Try it |
All of the data that follows should be given again exactly, without its images.

Records contained in a dataset:
•••••
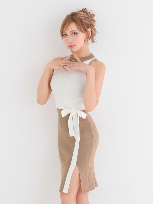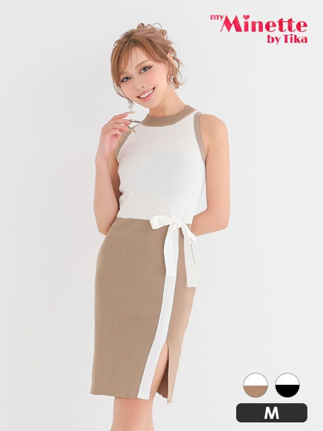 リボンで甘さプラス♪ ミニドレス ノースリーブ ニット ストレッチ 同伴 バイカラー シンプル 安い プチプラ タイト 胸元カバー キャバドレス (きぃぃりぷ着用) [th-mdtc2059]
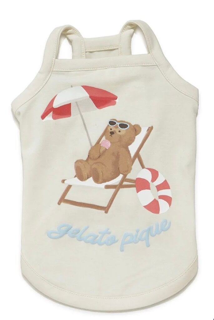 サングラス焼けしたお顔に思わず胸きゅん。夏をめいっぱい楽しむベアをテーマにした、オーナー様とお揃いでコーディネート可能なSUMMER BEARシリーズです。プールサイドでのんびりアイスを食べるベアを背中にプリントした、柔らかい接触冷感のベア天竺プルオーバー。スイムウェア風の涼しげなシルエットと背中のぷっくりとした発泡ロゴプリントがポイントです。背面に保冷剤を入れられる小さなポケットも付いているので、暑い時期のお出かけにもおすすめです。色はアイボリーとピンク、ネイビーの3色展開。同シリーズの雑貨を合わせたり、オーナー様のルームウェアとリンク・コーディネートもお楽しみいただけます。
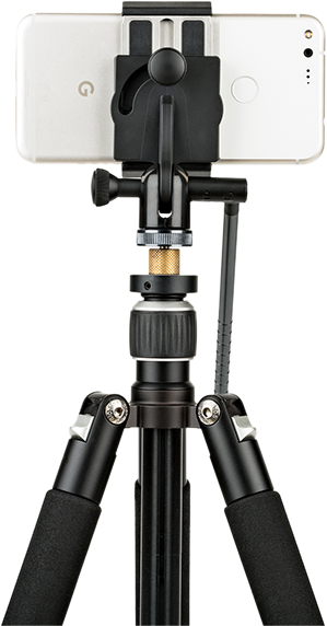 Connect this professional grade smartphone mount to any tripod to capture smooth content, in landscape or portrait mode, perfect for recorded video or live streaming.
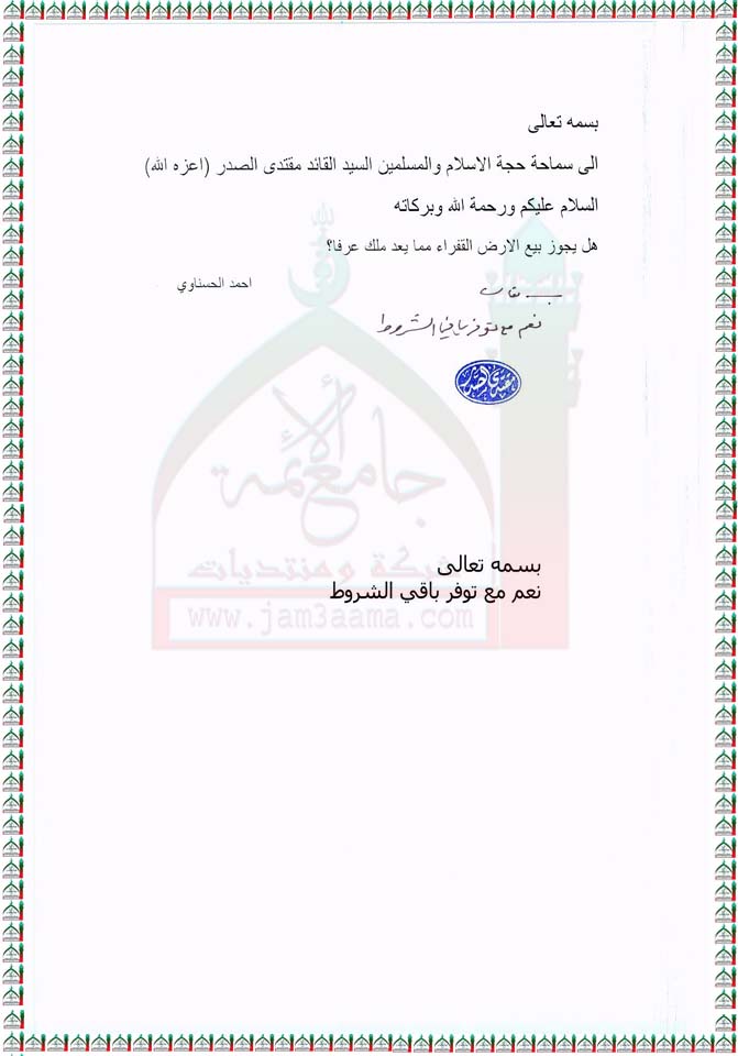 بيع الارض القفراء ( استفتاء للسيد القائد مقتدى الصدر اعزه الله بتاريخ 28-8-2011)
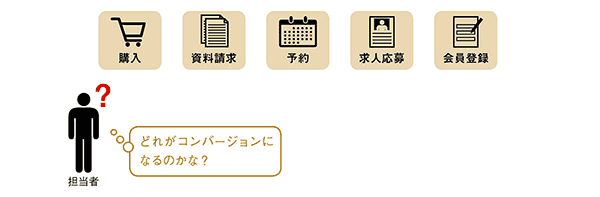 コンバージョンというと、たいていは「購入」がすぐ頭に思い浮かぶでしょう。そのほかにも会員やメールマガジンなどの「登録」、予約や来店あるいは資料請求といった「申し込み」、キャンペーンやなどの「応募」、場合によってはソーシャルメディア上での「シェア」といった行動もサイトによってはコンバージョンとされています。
•••••
Answer for the task |
 リボンで甘さプラス♪ ミニドレス ノースリーブ ニット ストレッチ 同伴 バイカラー シンプル 安い プチプラ タイト 胸元カバー キャバドレス (きぃぃりぷ着用) [th-mdtc2059]
 サングラス焼けしたお顔に思わず胸きゅん。夏をめいっぱい楽しむベアをテーマにした、オーナー様とお揃いでコーディネート可能なSUMMER BEARシリーズです。プールサイドでのんびりアイスを食べるベアを背中にプリントした、柔らかい接触冷感のベア天竺プルオーバー。スイムウェア風の涼しげなシルエットと背中のぷっくりとした発泡ロゴプリントがポイントです。背面に保冷剤を入れられる小さなポケットも付いているので、暑い時期のお出かけにもおすすめです。色はアイボリーとピンク、ネイビーの3色展開。同シリーズの雑貨を合わせたり、オーナー様のルームウェアとリンク・コーディネートもお楽しみいただけます。
 Connect this professional grade smartphone mount to any tripod to capture smooth content, in landscape or portrait mode, perfect for recorded video or live streaming.
 بيع الارض القفراء ( استفتاء للسيد القائد مقتدى الصدر اعزه الله بتاريخ 28-8-2011)
 コンバージョンというと、たいていは「購入」がすぐ頭に思い浮かぶでしょう。そのほかにも会員やメールマガジンなどの「登録」、予約や来店あるいは資料請求といった「申し込み」、キャンペーンやなどの「応募」、場合によってはソーシャルメディア上での「シェア」といった行動もサイトによってはコンバージョンとされています。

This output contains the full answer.